Wes Pate

Profile
- Position: Quarterback

Personal information
- Born: March 24, 1979 (age 47) Longview, Texas, U.S.
- Listed height: 6 ft 2 in (1.88 m)
- Listed weight: 228 lb (103 kg)

Career information
- High school: Arp (Arp, Texas)
- College: Louisiana Tech (1997–1998) Stephen F. Austin (1999–2001)
- NFL draft: 2002: 7th round, 236th overall pick

Career history
- Baltimore Ravens (2002)*; Chicago Rush (2003)*; Seattle Seahawks (2003); → Frankfurt Galaxy (2003); Chicago Rush (2004)*;
- * Offseason or practice squad member only

Awards and highlights
- SFL Offensive Player of the Year (2001); 3× Second-team All-SFL (1999–2001);

= Wes Pate =

American football player (born 1979)

John Wesley Pate (born March 24, 1979) is an American former football quarterback. He played college football for the Louisiana Tech Bulldogs and Stephen F. Austin Lumberjacks. He was selected by the Baltimore Ravens in the seventh round of the 2002 NFL draft.

==Early life==
John Wesley Pate was born on March 24, 1979, in Longview, Texas. He played high school football at Arp High School in Arp, Texas, finishing with career totals of 5,150 yards and 48 touchdowns. He earned all-state honors as a senior.

==College career==
Pate first played college football for the Louisiana Tech Bulldogs of Louisiana Tech University. He was redshirted in 1997. He played in ten games in 1998 as the co-backup (with Brian Stallworth) to starter Tim Rattay, completing 12 of 26 passes for 149 yards, two touchdowns, and one interception. Pate also spent some time on the kickoff return team.

In 1999, with Rattay returning for another year, Pate transferred to Stephen F. Austin State University to receive more playing time. Pate was a three-year starter for the Stephen F. Austin Lumberjacks from 1999 to 2001, garnering second-team All-Southland Football League (SFL) recognition each season. He completed 197 of 333 passes (59.2%) for 2,626 yards, 19 touchdowns, and eight interceptions his senior year, garnering SFL Offensive Player of the Year recognition. He threw for 6,058 yards and 49 touchdowns overall as a Lumberjack.

==Professional career==
Pate was selected by the Baltimore Ravens in the seventh round, with the 236th overall pick, of the 2003 NFL draft.
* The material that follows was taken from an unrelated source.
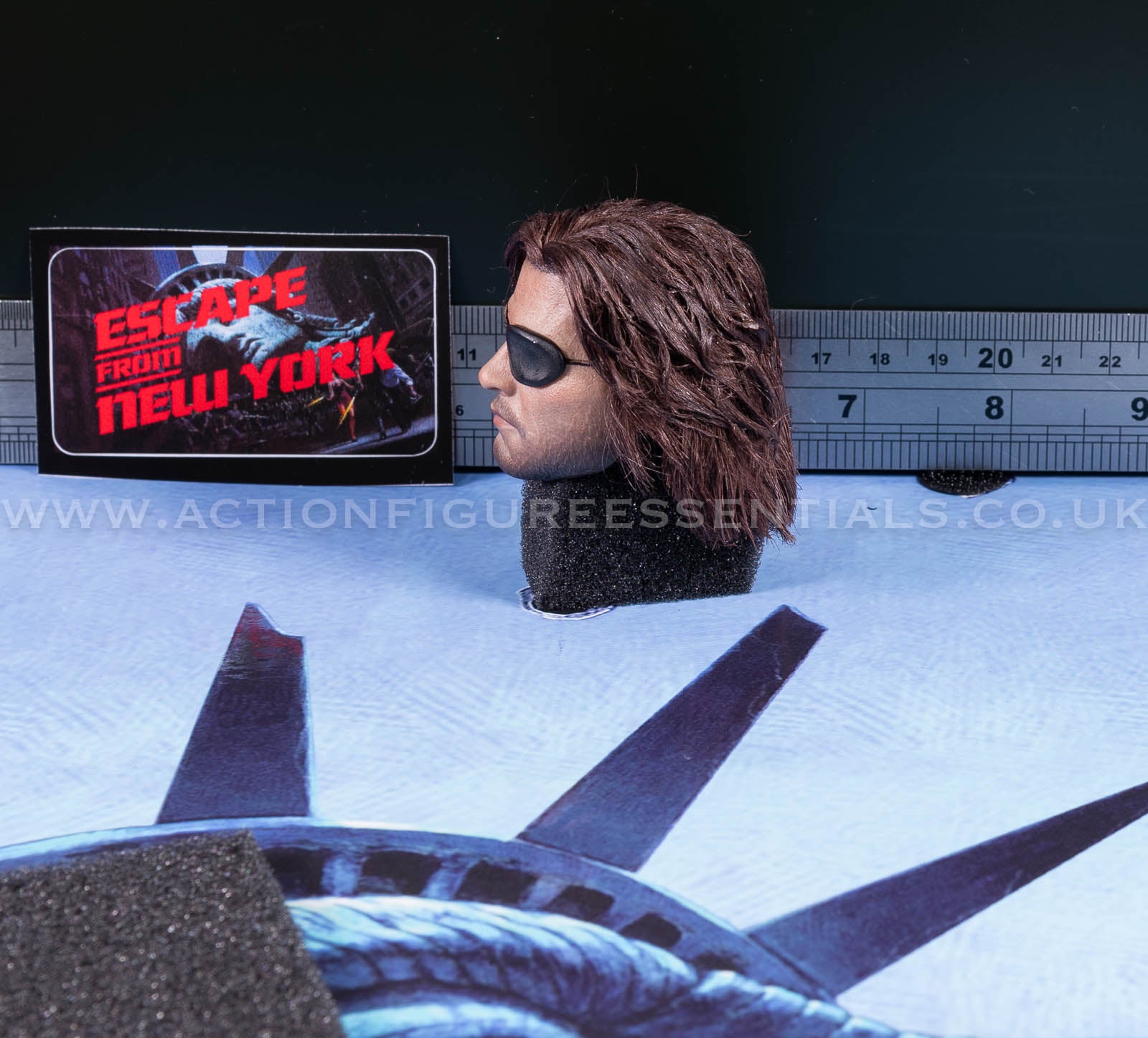 One (1) Realistic head sculpt in super detail and likeness to the movie actor - Kurt Russell as Snake Plissken, with hand glued real wool hair and moveable eyeball (hair may require styling to your preference)

He officially signed with the team on July 24. He was released on August 30 before the start of the 2002 NFL season, and signed to the team's practice squad on September 3. Pate was later released by the Ravens.

On November 19, 2002, Pate signed with the Chicago Rush of the Arena Football League (AFL) for the 2003 AFL season. He signed with the Seattle Seahawks on January 10, 2003. He was allocated to NFL Europe to play for the Frankfurt Galaxy. However, he suffered an injury and never played in NFL Europe. Pate was later placed on the reserve/non-football injury list. He was released by the Seahawks on December 17, 2003. Pate was activated by the Chicago Rush on January 5, 2004, a month before the start of the 2004 AFL season. He was waived by Chicago on January 16, 2004.